(Data for this exercise):
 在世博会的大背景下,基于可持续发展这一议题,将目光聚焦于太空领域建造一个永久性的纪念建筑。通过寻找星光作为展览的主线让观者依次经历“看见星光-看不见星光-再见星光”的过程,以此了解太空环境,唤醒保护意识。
* * *
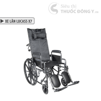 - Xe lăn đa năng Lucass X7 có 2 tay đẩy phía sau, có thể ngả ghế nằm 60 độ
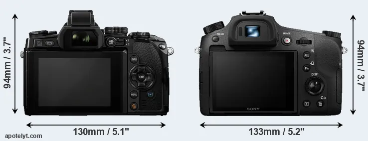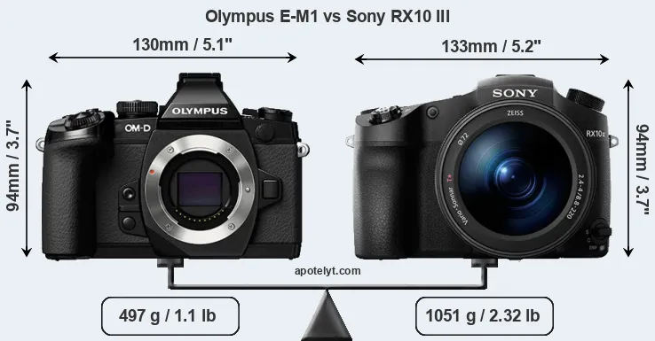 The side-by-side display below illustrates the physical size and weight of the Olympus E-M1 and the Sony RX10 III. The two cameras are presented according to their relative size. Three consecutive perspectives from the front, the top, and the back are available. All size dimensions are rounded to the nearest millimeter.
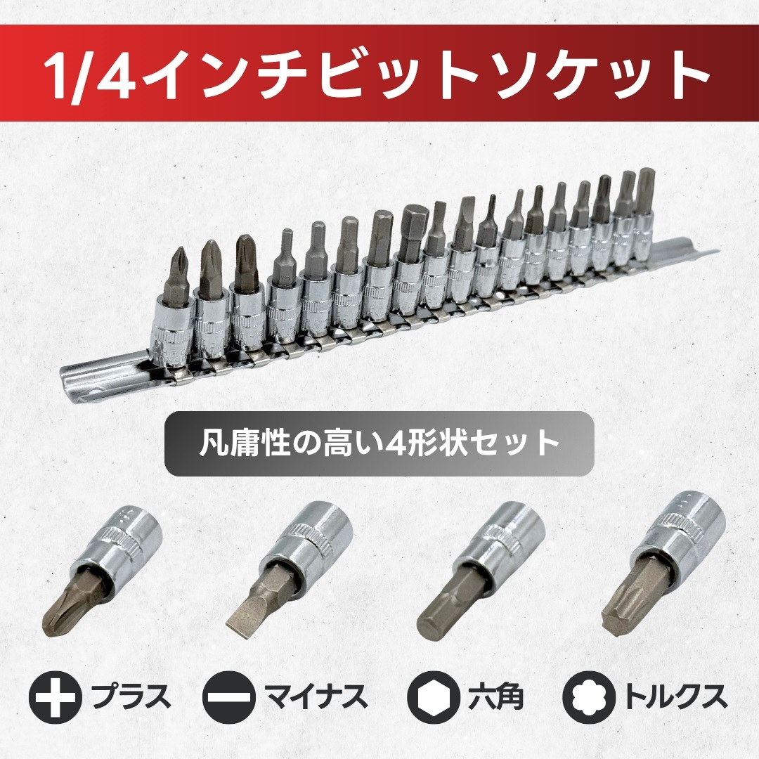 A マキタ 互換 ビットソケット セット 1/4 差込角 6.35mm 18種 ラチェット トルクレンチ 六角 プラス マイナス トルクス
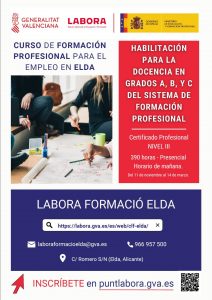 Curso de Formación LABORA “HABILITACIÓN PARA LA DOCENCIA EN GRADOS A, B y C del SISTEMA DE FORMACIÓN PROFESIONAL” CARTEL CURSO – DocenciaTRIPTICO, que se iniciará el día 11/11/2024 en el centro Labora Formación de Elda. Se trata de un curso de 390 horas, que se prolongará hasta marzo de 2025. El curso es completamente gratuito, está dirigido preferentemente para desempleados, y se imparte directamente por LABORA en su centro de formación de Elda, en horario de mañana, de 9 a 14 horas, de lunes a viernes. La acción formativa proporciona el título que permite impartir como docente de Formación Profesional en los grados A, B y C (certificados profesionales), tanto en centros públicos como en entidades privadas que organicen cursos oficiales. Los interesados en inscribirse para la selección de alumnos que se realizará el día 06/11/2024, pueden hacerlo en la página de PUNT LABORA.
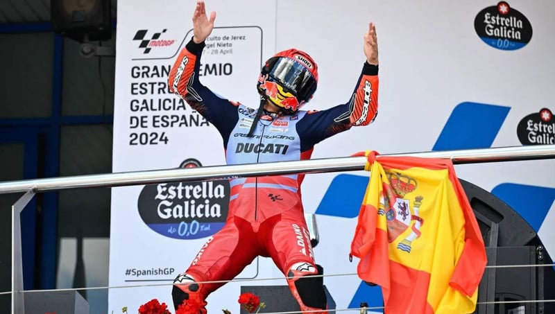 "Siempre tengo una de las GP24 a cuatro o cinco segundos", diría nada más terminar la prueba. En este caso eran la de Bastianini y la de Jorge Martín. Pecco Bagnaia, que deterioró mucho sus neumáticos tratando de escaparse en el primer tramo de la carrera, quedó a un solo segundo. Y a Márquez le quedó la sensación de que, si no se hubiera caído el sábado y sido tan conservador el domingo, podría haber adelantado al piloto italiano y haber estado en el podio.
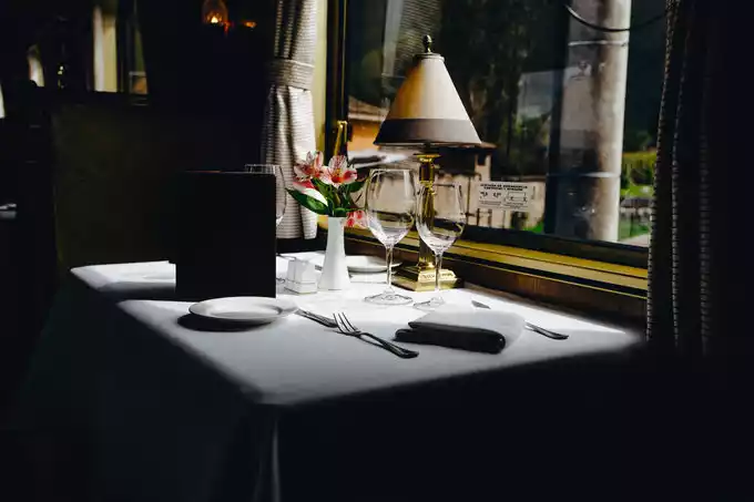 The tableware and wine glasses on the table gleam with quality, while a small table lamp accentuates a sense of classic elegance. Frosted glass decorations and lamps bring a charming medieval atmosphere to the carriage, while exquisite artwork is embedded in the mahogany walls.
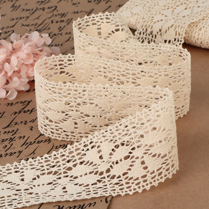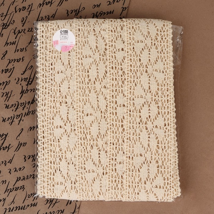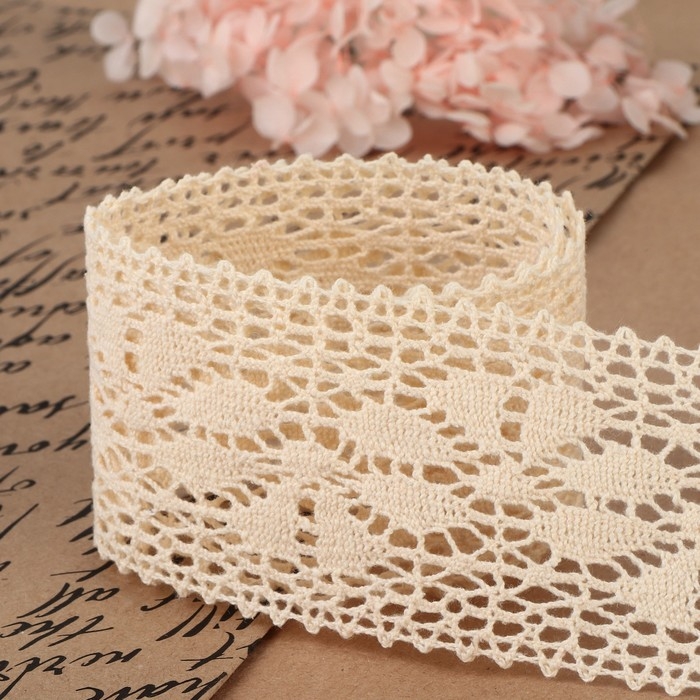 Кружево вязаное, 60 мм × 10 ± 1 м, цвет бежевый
==
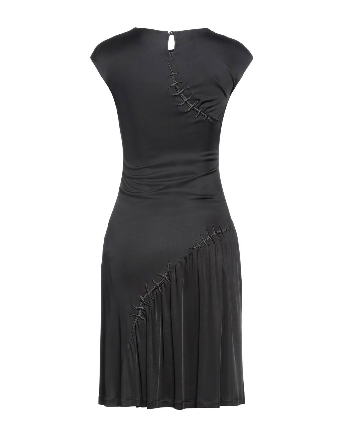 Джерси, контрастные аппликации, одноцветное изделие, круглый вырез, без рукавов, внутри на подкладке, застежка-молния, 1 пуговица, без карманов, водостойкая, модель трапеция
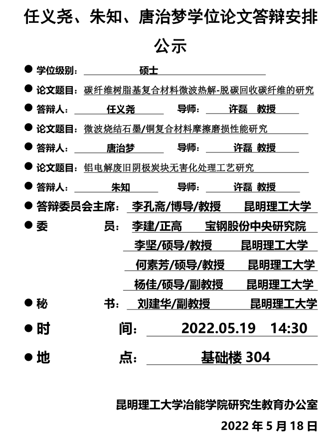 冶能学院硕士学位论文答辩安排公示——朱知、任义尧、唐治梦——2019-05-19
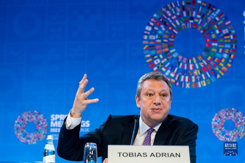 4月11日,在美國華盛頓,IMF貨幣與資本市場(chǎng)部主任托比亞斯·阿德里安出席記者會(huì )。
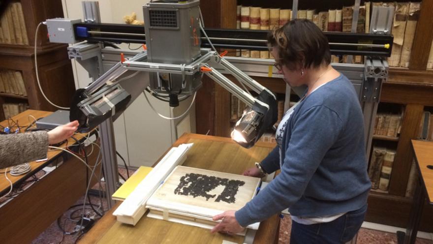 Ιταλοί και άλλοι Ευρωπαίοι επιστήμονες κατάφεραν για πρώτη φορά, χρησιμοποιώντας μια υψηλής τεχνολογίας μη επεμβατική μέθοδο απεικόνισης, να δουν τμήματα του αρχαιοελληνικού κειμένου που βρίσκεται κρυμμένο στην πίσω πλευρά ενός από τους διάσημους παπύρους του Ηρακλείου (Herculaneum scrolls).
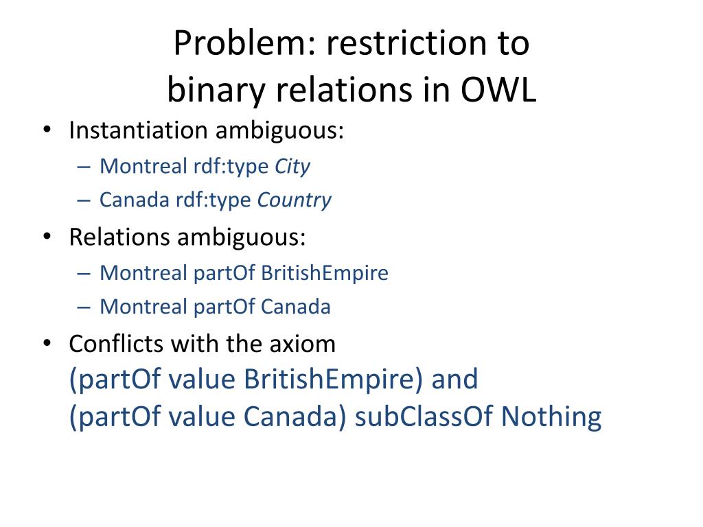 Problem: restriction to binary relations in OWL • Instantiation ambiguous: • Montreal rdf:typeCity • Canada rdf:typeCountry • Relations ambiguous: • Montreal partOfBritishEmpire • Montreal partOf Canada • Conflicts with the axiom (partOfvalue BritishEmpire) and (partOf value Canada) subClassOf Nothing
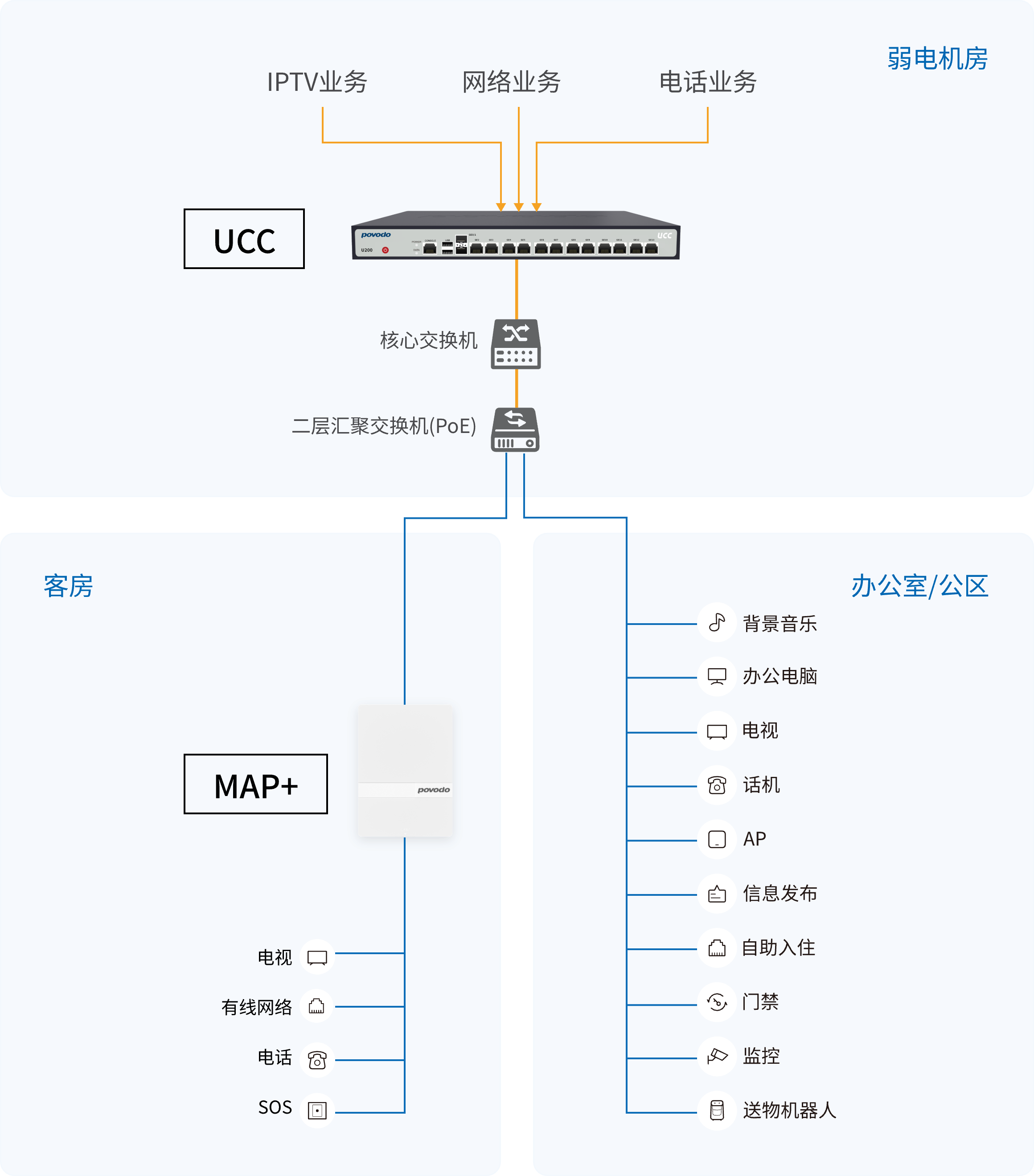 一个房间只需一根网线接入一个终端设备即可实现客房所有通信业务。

(To do):
Using the data above, give again exactly the lines starting at the one holding "The tableware and" and ending at the one holding "Кружево вязаное, 60", inclusive, and nothing more. Omit the pictures.

(Task result):
 The tableware and wine glasses on the table gleam with quality, while a small table lamp accentuates a sense of classic elegance. Frosted glass decorations and lamps bring a charming medieval atmosphere to the carriage, while exquisite artwork is embedded in the mahogany walls.
 Кружево вязаное, 60 мм × 10 ± 1 м, цвет бежевый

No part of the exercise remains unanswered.